Pictures must be left out. Retype exactly the lines from the one containing "為了評(píng)估再生活性" through the last line of the records below.

** PROVIDED MATERIAL follows **

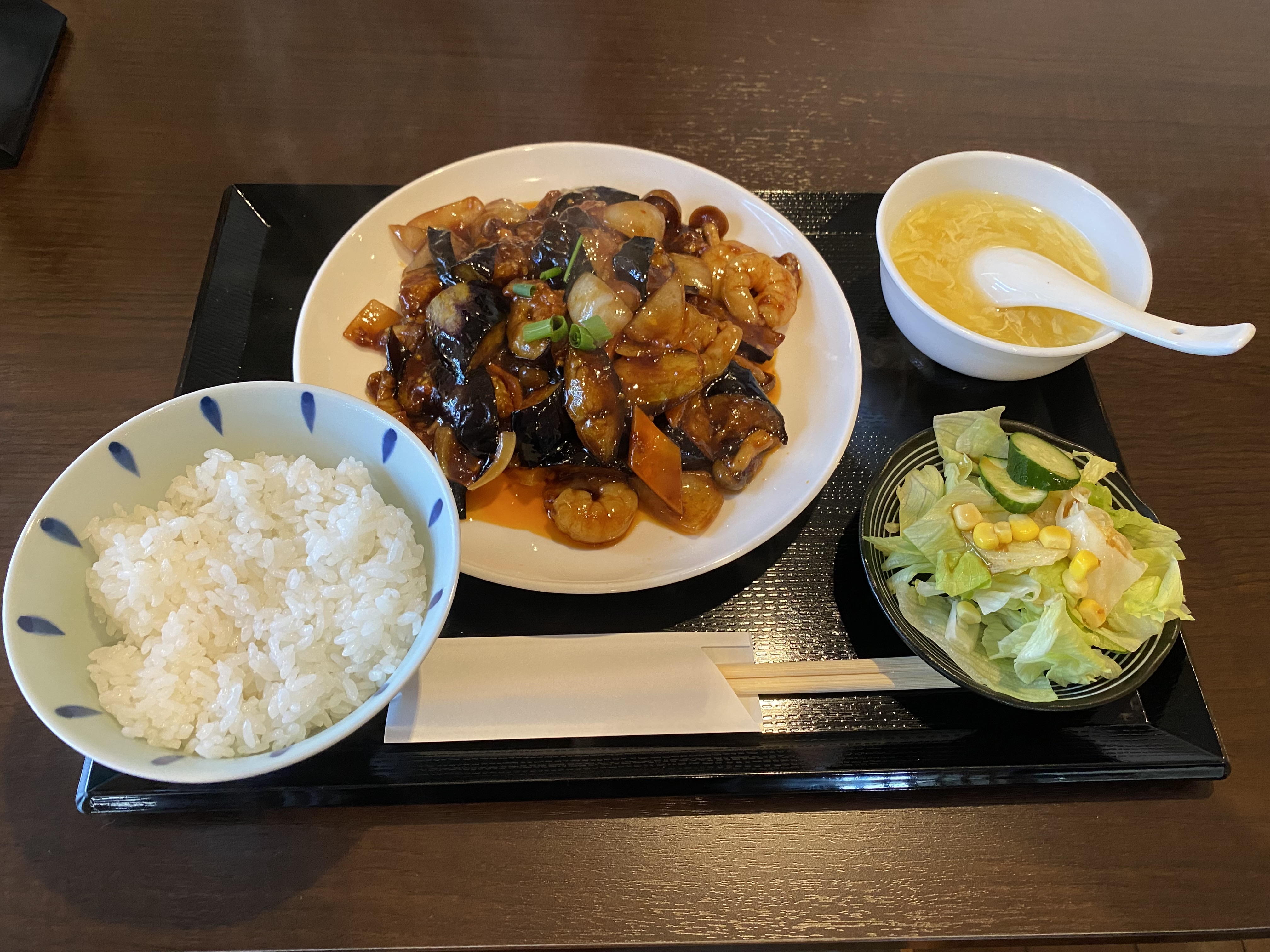 先週に引きつづいてこの表題でのお届けとなりますそれにしても今日も朝から暑い一日でしたねぇ…気象庁によれば「今年は梅雨入りが遅かったため、梅雨の日数は27日間となり平年と比べると3分の2ほどの短い梅雨になりました」とありましたけれども感覚的には「昔のように梅雨らしい雨の期間があったかなぁ⁈…」と思うもので今は「ゲリラ豪雨というか熱帯雨林気候のような降り方」というか…もっぱら「線状降水帯」の言葉を耳にするのが当たり前のようになってしまいましたね……ちょっと話しが逸れてしまいましたね…そんな朝を迎えた今日は、のちに控える法事に備えて、義理の母と一緒にお墓へ行ってそのあとは通常の休日ルーティンである買い物がてら昼食をとることにしましたこの暑さだったので、そんなに食欲がわかない感じでしたが先週お伝えした「また行きたくなる店!準レギュラー入り」へと昇格している「台湾料理屋」の話しが出たとたん「そうしようっ!」ってことで即決でした~…で、お店に入って気がついたのですが「ん⁈…先週も来た?」って話しになって、そうなると準レギュラーのお店というよりも完全に行きつけでヘビーローテーションの位置づけになるお店となってしまいますねぇわたしたちが入店したときは、ほかに誰もお客さんが居ませんでしたがその数分後には満席に近い賑わいでしたので良いタイミングでした!少しずつ口コミなどで「安くておいしいお店」として人気が出ているのかもしれませんねほんと近いうちには行列店になっている可能性があるかもしれないですねぇ…で、今回は初お目見えのランチがあったので、わたしはそちらを注文して妻は気になったレギュラーメニューをお願いするものでした ランチ「ナスとエビの味噌炒め」 / 「豚バラ辛味あんかけごはん」いずれもとっても美味しかったですぅ!味付けが思った以上に濃いわけではありませんが、この暑さでも食欲が増す感じで、とてもごはんがすすむ料理でした!いやぁ~満足でしたぁ!この調子だとまた来週も足を運んでしまいそうですね…
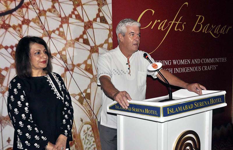 ISLAMABAD: September 09 - Ambassador of Portugal H.E. Frederico Silva addressing during Inaugural ceremony of Crafts Bazaar "Empowering women and communities through indigenous crafts" at local hotel. APP/SMR/FHA
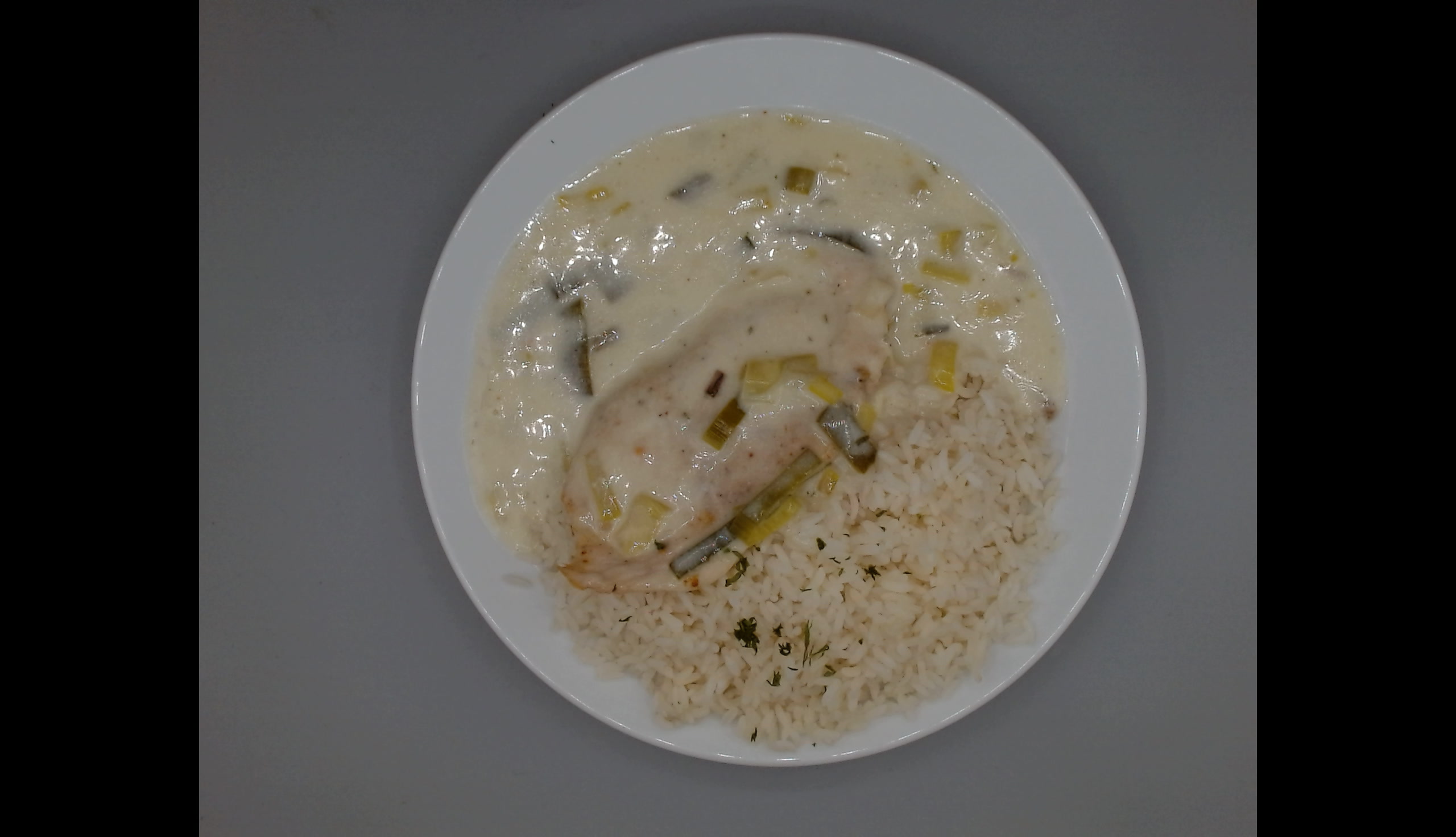Kuřecí plátek na pórku a smetaně, dušená rýže
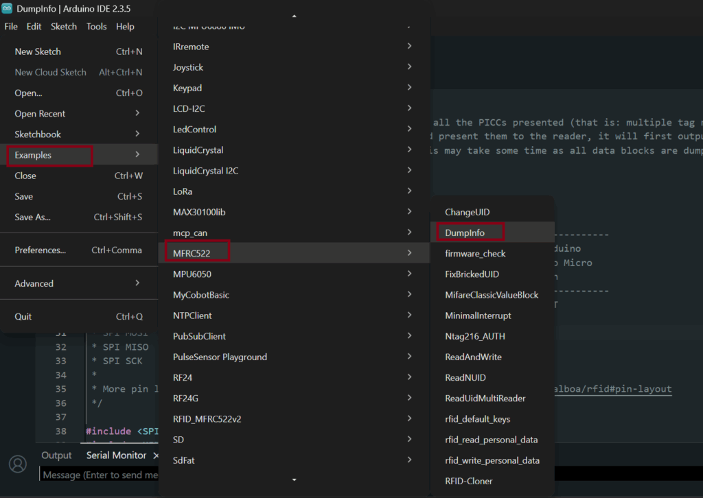 이 튜토리얼에서 제공하는 RFID 스케치를 로드합니다.
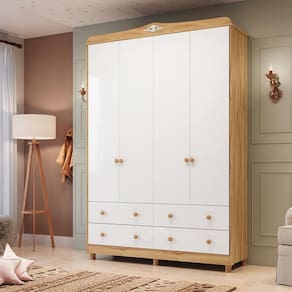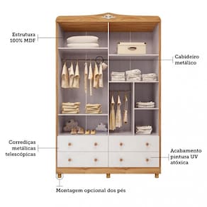Características: 2 Cabideiros metálicos 4 Gavetas 4 Portas 5 Prateleiras 6 Pés em plástico com regulagem Acabamento pintura UV atóxica Corrediças metálicas telescópicas Dobradiça metálica Estrutura 100 em MDF Produto Flex, pode ser montado com ou sem pés Suporta até 50kg ao total, sendo 5 por prateleira e 4 por gaveta Puxadores pontuais em plástico
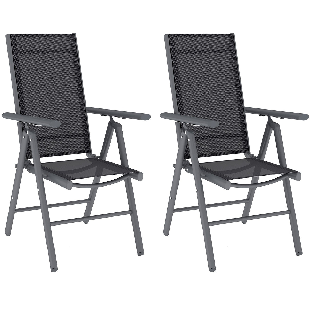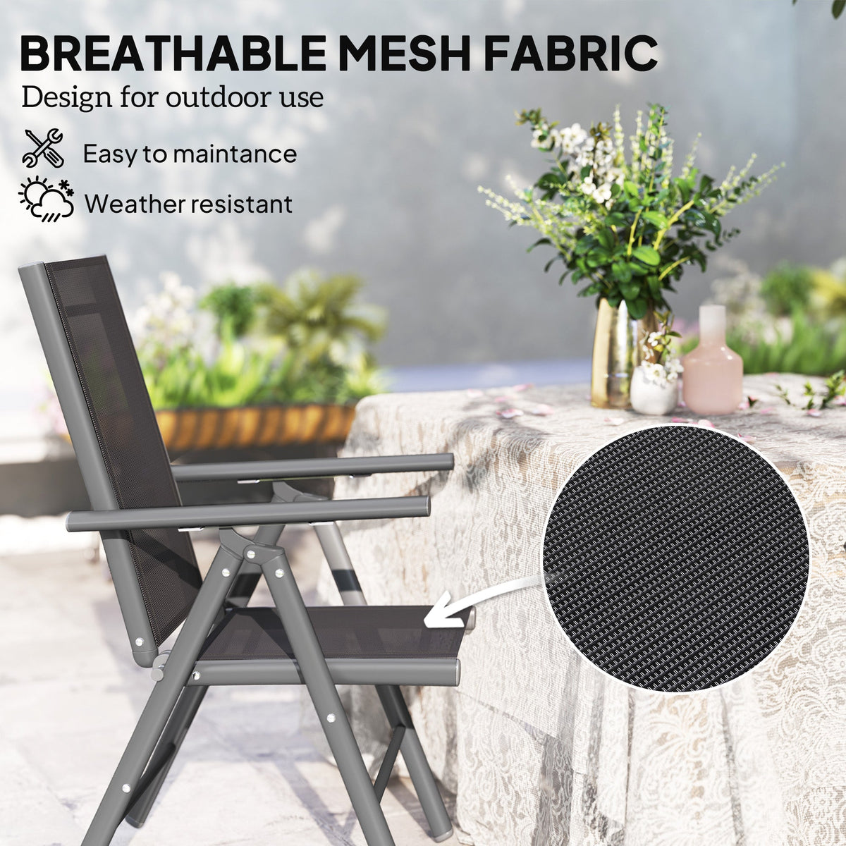 Outsunny Set of 2 Folding Chair, Aluminium Frame Outdoor Camping Chairs with Breathable Mesh Back and Seat, Garden Chair Set with Armrests for Balcony, Dark Grey - Dark Grey
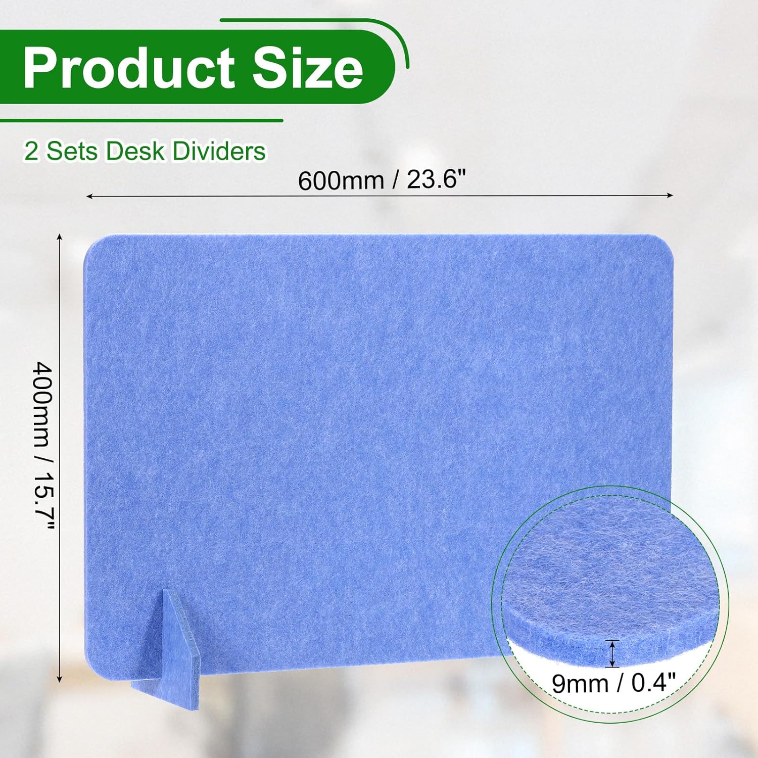 - Specification: Material: Polyester Fiber; Size: 600 x 400 mm/23.6 x 15.7 Inch(L*W); Thickness: 9mm/0.4 Inch; Color: Blue; Packing List: 2 Sets x Desk Dividers(Each Set includes 1 Pcs x Divider and 2 Pcs x support feet)
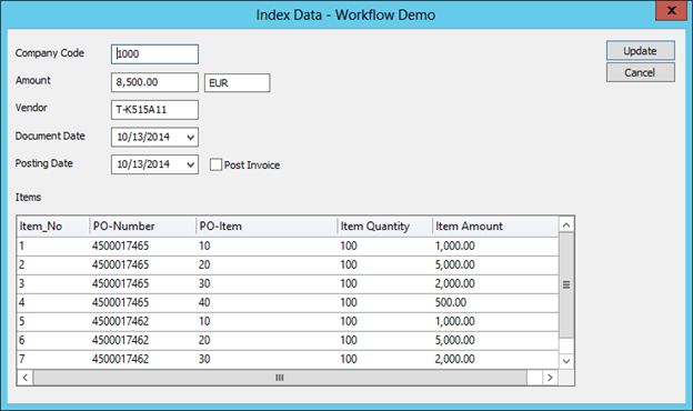 In the screenshot below you can see the index data in Therefore™ of an invoice which has a reference to two different purchase orders.
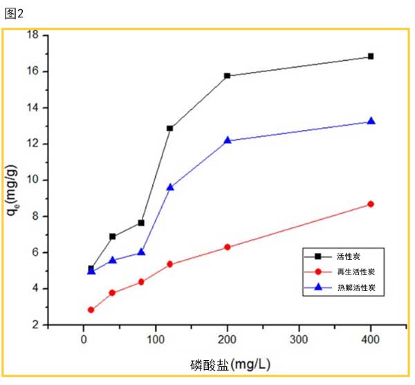 為了評(píng)估再生活性炭的性能,研究了磷的吸附性能。在該研究中,通過改變磷酸鹽的初始濃度(20℃)來(lái)測(cè)試活性炭,再生活性炭和它的吸附容量。圖2顯示了一般趨勢(shì),即吸附容量隨初始P濃度的增加而增加,直至達(dá)到飽和狀態(tài)。
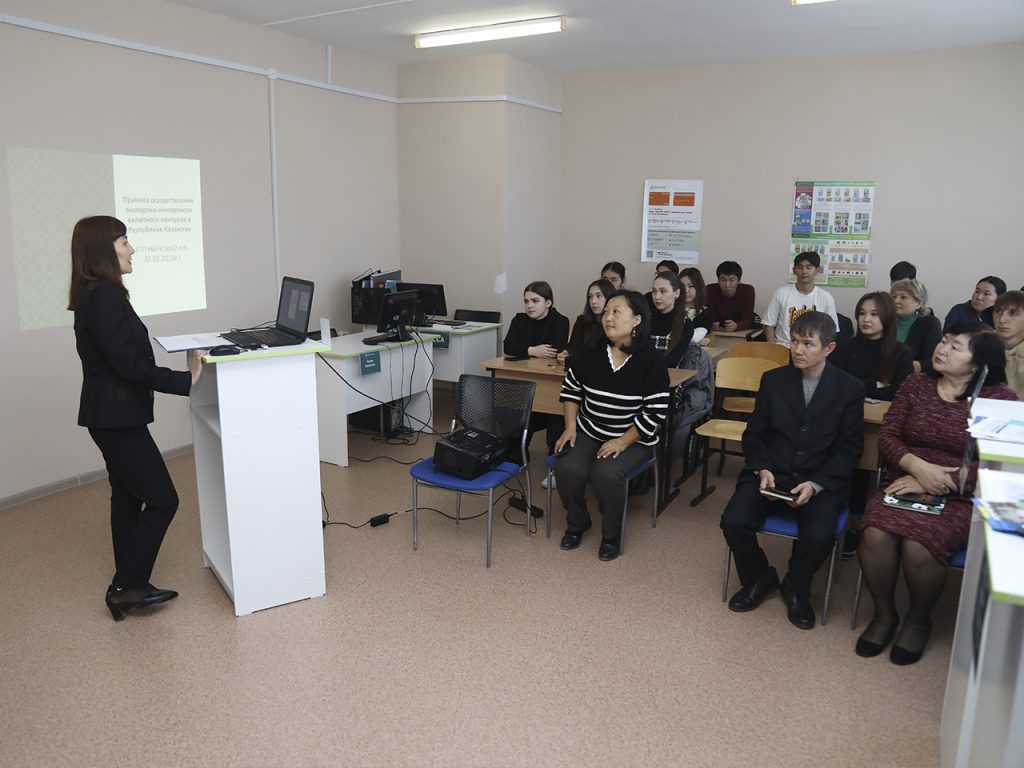 19 октября 2023 года обучающимся ОП «Финансы» была проведена лекция на тему «Правила осуществления экспортно-импортного валютного контроля в Республике Казахстан» главного специалиста-экономиста отдела контроля валютных операций филиала по ЗКО Национального банка РК Иргалиевой Жанны Талгатовны. На лекции были подробно описаны цели и задачи, функции Национального Банка Республики Казахстан, в том числе сведения о валютных операциях и мерах регулирования, раскрыта и разъяснена деятельность Национального банка по валютному регулированию и валютному контролю. Студенты с интересом слушали лекцию, задавали вопросы и получили ответы.
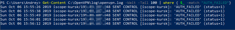 1Get-Content C:\OpenVPN\log\openvpn.log -Wait -Tail 100 | where { $_ -match "AUTH_FAILED"}
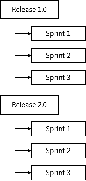 | Note: | In this example, Release 1.0 is not achieved until several iterations or sprints are performed. |
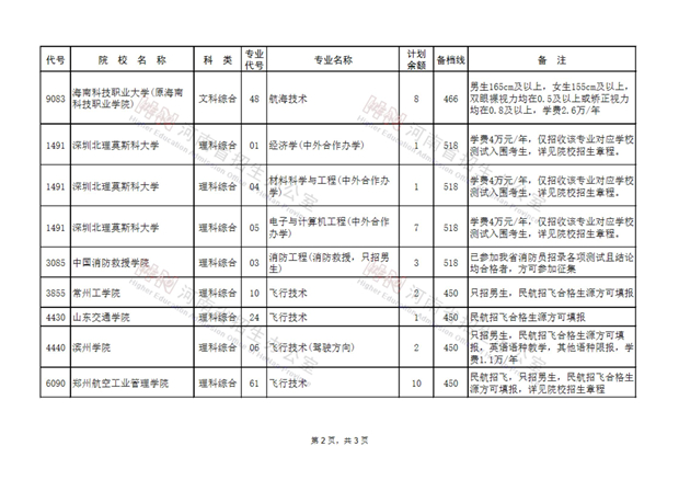 (四)提前录取的其他类本科:郑州航空工业管理学院、烟台南山学院、山东交通学院、滨州学院、常州工学院飞行技术专业要求考生民航一级体检合格、政审通过,高考成绩450分以上,英语单科成绩90分以上。
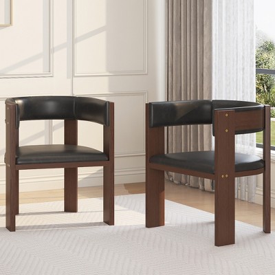 Modern PU Leather Upholstered Kitchen Chairs Set of 2 with Accent Curved Backrest and Rubber Wood Frame, for Kitchen¡¢Dining Room or Living Room

** End of PROVIDED MATERIAL **

§ OUTPUT OF THE TASK:
 為了評(píng)估再生活性炭的性能,研究了磷的吸附性能。在該研究中,通過改變磷酸鹽的初始濃度(20℃)來(lái)測(cè)試活性炭,再生活性炭和它的吸附容量。圖2顯示了一般趨勢(shì),即吸附容量隨初始P濃度的增加而增加,直至達(dá)到飽和狀態(tài)。
 19 октября 2023 года обучающимся ОП «Финансы» была проведена лекция на тему «Правила осуществления экспортно-импортного валютного контроля в Республике Казахстан» главного специалиста-экономиста отдела контроля валютных операций филиала по ЗКО Национального банка РК Иргалиевой Жанны Талгатовны. На лекции были подробно описаны цели и задачи, функции Национального Банка Республики Казахстан, в том числе сведения о валютных операциях и мерах регулирования, раскрыта и разъяснена деятельность Национального банка по валютному регулированию и валютному контролю. Студенты с интересом слушали лекцию, задавали вопросы и получили ответы.
 1Get-Content C:\OpenVPN\log\openvpn.log -Wait -Tail 100 | where { $_ -match "AUTH_FAILED"}
 | Note: | In this example, Release 1.0 is not achieved until several iterations or sprints are performed. |
 (四)提前录取的其他类本科:郑州航空工业管理学院、烟台南山学院、山东交通学院、滨州学院、常州工学院飞行技术专业要求考生民航一级体检合格、政审通过,高考成绩450分以上,英语单科成绩90分以上。
 Modern PU Leather Upholstered Kitchen Chairs Set of 2 with Accent Curved Backrest and Rubber Wood Frame, for Kitchen¡¢Dining Room or Living Room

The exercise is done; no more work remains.